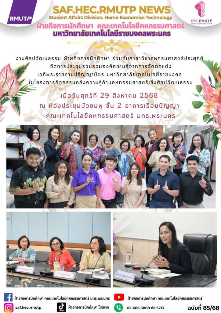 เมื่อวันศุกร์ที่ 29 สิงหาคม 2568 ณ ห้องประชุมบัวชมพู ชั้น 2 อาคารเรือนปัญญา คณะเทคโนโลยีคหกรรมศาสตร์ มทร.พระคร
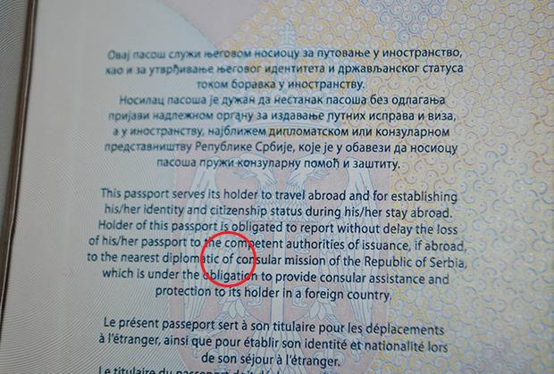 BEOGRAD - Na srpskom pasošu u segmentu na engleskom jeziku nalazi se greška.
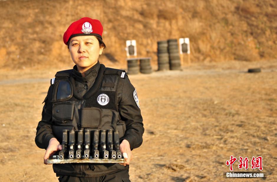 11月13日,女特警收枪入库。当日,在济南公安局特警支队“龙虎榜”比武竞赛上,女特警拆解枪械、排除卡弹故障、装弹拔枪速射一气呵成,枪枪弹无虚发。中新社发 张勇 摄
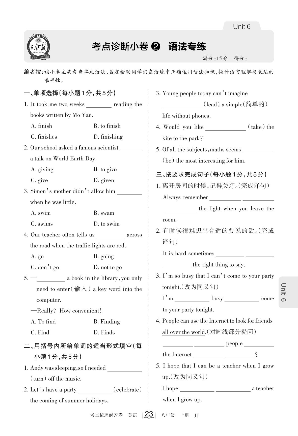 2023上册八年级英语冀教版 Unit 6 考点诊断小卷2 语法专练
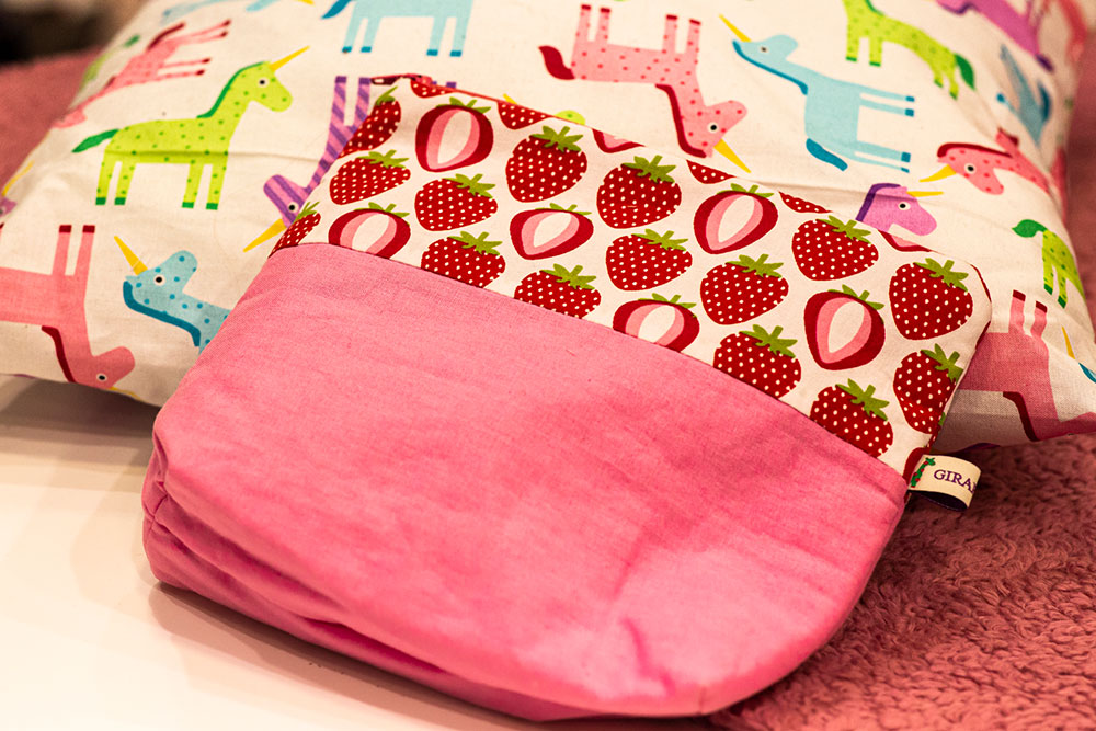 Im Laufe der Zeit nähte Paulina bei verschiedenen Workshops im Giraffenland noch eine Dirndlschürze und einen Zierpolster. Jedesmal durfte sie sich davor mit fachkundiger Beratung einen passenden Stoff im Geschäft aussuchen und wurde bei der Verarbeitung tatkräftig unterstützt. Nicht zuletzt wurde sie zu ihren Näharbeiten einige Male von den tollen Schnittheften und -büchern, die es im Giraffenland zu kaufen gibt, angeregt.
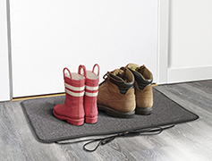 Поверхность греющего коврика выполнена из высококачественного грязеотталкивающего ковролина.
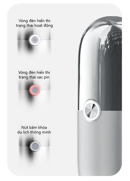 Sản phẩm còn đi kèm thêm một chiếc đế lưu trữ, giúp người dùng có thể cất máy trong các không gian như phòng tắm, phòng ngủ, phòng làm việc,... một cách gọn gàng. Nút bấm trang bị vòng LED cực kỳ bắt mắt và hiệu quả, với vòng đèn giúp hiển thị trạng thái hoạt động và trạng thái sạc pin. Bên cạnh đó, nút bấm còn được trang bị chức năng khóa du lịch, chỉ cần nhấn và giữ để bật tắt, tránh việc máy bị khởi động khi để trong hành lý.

--

# [Task description]
Everything from the line containing "BEOGRAD - Na" to the last line of the records above should be reproduced exactly, except the pictures.

# [Your response]
 BEOGRAD - Na srpskom pasošu u segmentu na engleskom jeziku nalazi se greška.
 11月13日,女特警收枪入库。当日,在济南公安局特警支队“龙虎榜”比武竞赛上,女特警拆解枪械、排除卡弹故障、装弹拔枪速射一气呵成,枪枪弹无虚发。中新社发 张勇 摄
 2023上册八年级英语冀教版 Unit 6 考点诊断小卷2 语法专练
 Im Laufe der Zeit nähte Paulina bei verschiedenen Workshops im Giraffenland noch eine Dirndlschürze und einen Zierpolster. Jedesmal durfte sie sich davor mit fachkundiger Beratung einen passenden Stoff im Geschäft aussuchen und wurde bei der Verarbeitung tatkräftig unterstützt. Nicht zuletzt wurde sie zu ihren Näharbeiten einige Male von den tollen Schnittheften und -büchern, die es im Giraffenland zu kaufen gibt, angeregt.
 Поверхность греющего коврика выполнена из высококачественного грязеотталкивающего ковролина.
 Sản phẩm còn đi kèm thêm một chiếc đế lưu trữ, giúp người dùng có thể cất máy trong các không gian như phòng tắm, phòng ngủ, phòng làm việc,... một cách gọn gàng. Nút bấm trang bị vòng LED cực kỳ bắt mắt và hiệu quả, với vòng đèn giúp hiển thị trạng thái hoạt động và trạng thái sạc pin. Bên cạnh đó, nút bấm còn được trang bị chức năng khóa du lịch, chỉ cần nhấn và giữ để bật tắt, tránh việc máy bị khởi động khi để trong hành lý.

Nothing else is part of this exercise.